Никогда не видал я ее поздней осенью. О, страшная, о, торжественная Кампанья! Ходили понизу живые, медленные туманы, точно тяжелые мертвецы ползали в тянущихся за ними белых одеждах; качались — и, верно, сухо шуршали — у самых окон вагона желто-бурые камыши, стены камышей, высоких и толстых, стволистых, как деревья; иногда, точно из серого пара сделанные, волновались полукруги далеких акведуков; низина страшная, влажная, бескрайняя, погружающая душу в непонятное, счастливое томление, в тихий, радостный ужас. Это место, где кажется, что все, что было, все, что будет, — есть, где времени на себе не чувствуешь. Но в этот раз я не мог совершенно выйти из времени, какой-то кусок меня оставался во мне — и это было еще страшнее.

Светлело, светлело, все белели одежды мертвецов, и мертвецы тяжело подымались из болот, выше к небу, по которому уже пошли стальные, все синеющие, тени. Но в рассветном небе не было веселья, оно круглилось тихое, грустное, и чем больше я на него смотрел, тем печальнее сжималось мое сердце. Точно не на любовь я ехал, а на прощанье.

Я говорил себе, что она любит меня, а если любит, то все хорошо; какая бы она ни была — она будет хорошей, настоящей, любовь даст ей все, что нужно. А я дам ей все, что от меня захочет ее любовь. Я не жалел себя, но... вдруг я увидел ясно, понял, почувствовал — что небо меня жалеет. Поезд шел все тише; тихой сырой свежестью веяло из спущенного окна; на краю небес я увидел всю белую, тихую, большую, с прозрачным светом, утреннюю звезду. О, какая она была нежная, милая! Крупная, низкая, точно скатившаяся слеза. Небо молчало, оно не могло помочь, потому что должно было совершиться должное, — но я понял его печаль обо мне, его любовь и нежность. Моя грусть не прошла от того, что небо меня пожалело, но мне стало легче ее нести, — я был не один.

Когда я вышел в Риме, вздрагивая от утреннего холода и внутренних слез, — я еще видел звезду в просвете между вагонами. Она тихо скользила вниз. Но, проезжая по мертвым, спящим улицам, я уже не заметил ее на небе. Верно — закатилась.

И целая зима прошла.

Весной мы переехали во Флоренцию.

Люблю эти города, как можно любить живые души, а между тем я рад, что жизнь больше не привела меня туда — и не приведет, ведь жизни уж почти не осталось, я стар. Слишком много я там покинул, весь мой юный романтизм, всякую, мою собственную, личную радость. Хотя, может быть, это все и пустые вещи, как всякая наивность, — но их любишь. Ведь любишь глупое детство.

Небо недаром меня жалело. Все эти месяцы были одним слепым страданием, от лжи, которая то казалась правдой, то ложью, точно фонарик крутился на вилле мистера Миддля, от ненужных отдаваний своей души, от сознания бессилия.

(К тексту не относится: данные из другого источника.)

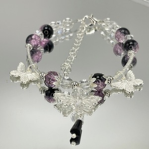 パープルエクスプローシブパールバタフライラブフラワーブレスレット

Мое дело, мои мысли — все я бросил к черту. И почти не понимал, какой грех творю. Она, женщина, которую я побил, была просто хитрый зверек со своей конченной душой, а я вокруг нее старался и верил — потому что хотел, — что мы друг друга слышим, и слова у нас с нею — одинаковые. Она меня тащила в яму, а я был убежден, что мы вместе взбираемся наверх. Фу, даже писать неприятно. Я рад, что так кончилось; я даже и зла, невольного, не смог ей сделать.

А кончилось это — и странно — в один жаркий, безоблачно ясный, майский день.

Мы поехали с ней в окрестности Флоренции, в довольно отдаленный поселок, на электрическом трамвае — гулять. Я был раньше там один и знал, что оттуда тропа ведет на гору, в сосновый лес.

Было ярко, жарко. Дорога, где проложены рельсы, узкая, все подымалась между низкими, белыми стенами, за которыми тянулись бесконечные, сплошные сады, зеленые, блестящие.

Вагон был пуст. Я вышел на заднюю площадку и смотрел на чистое, без единого облачка, небо и зелень. Скоро и конец пути. Вагон все подымается, с высоты видно кругом далеко. Я смотрел, без мыслей о том, что вижу, — и вдруг почувствовал какую-то легкую дурноту.

Это была даже не дурнота. Просто я подумал: не знаю, что это, но, должно быть, я нездоров.

Я вошел в вагон, посидел немного — и опять вышел. И опять то же — дурнота или нездоровье. Весь чистый, ярко-синий купол неба казался мне — и вот опять не казался — покрытым тончайшей паутиной копоти. Место, на которое я глядел прямо — ничего, но рядом, что глаз захватывал сбоку, было с черным налетом. Я перевел взор на зелень садов, — и вот, то же самое: зелень почернела, хотя оставалась зеленой; но и небо, почернев, тоже оставалось синим.

Мне стало худо. Не знаю, страх ли или боль, но что-то заставило меня закрыть глаза, войти в вагон и сесть там молча.

Моя спутница спросила:

— Что с тобою?

— Ничего. Жарко. Отчего ты не выйдешь на площадку?

Она вышла, постояла и вернулась. Я взглянул на нее с жадностью, — но она ничего не сказала. Значит, ничего нет. Значит, эта земля, эта копоть затягивает мои глаза, а не небо.

Я опять вышел. Небо мне показалось ужасно близким и с отсветами чугуна. Листья, недвижные, точно пленкой пепла подернулись. И опять было это — точно не было.

В это время мы подъехали. Я ожидал, что я не смогу идти, что я упаду навзничь, и небо станет сразу земляным надо мною; но я не упал, даже голова не кружилась, и небо чернело медленно, неуловимо, так, что на одно мгновенье у меня была надежда, что все уже прошло. Но когда мы очутились на широкой площади селения, я увидал, что не прошло.

И сразу стукнула, ударила мысль:

— Да это с солнцем что-нибудь!

Я остановился и поднял глаза.

— Ты ничего не замечаешь? Тебе не кажется, что с солнцем...

— Да, — сказала она нерешительно. — Пожалуй, действительно.

Солнце, однако, стояло чистое на безоблачной лазури. Только лучей как будто стало меньше, они укоротились и побледнели.

В открытых дверях лавочки я увидел толстую итальянку. Она тоже глядела вверх. Двое парней подошли к нам. Я спросил их о солнце, и они мне объяснили, что должно было быть затмение, не полное, но почти полное, и оно уже началось. Я удивился, что не знал этого. Впрочем, я жил уединенно и газет не читал; не пришлось слышать.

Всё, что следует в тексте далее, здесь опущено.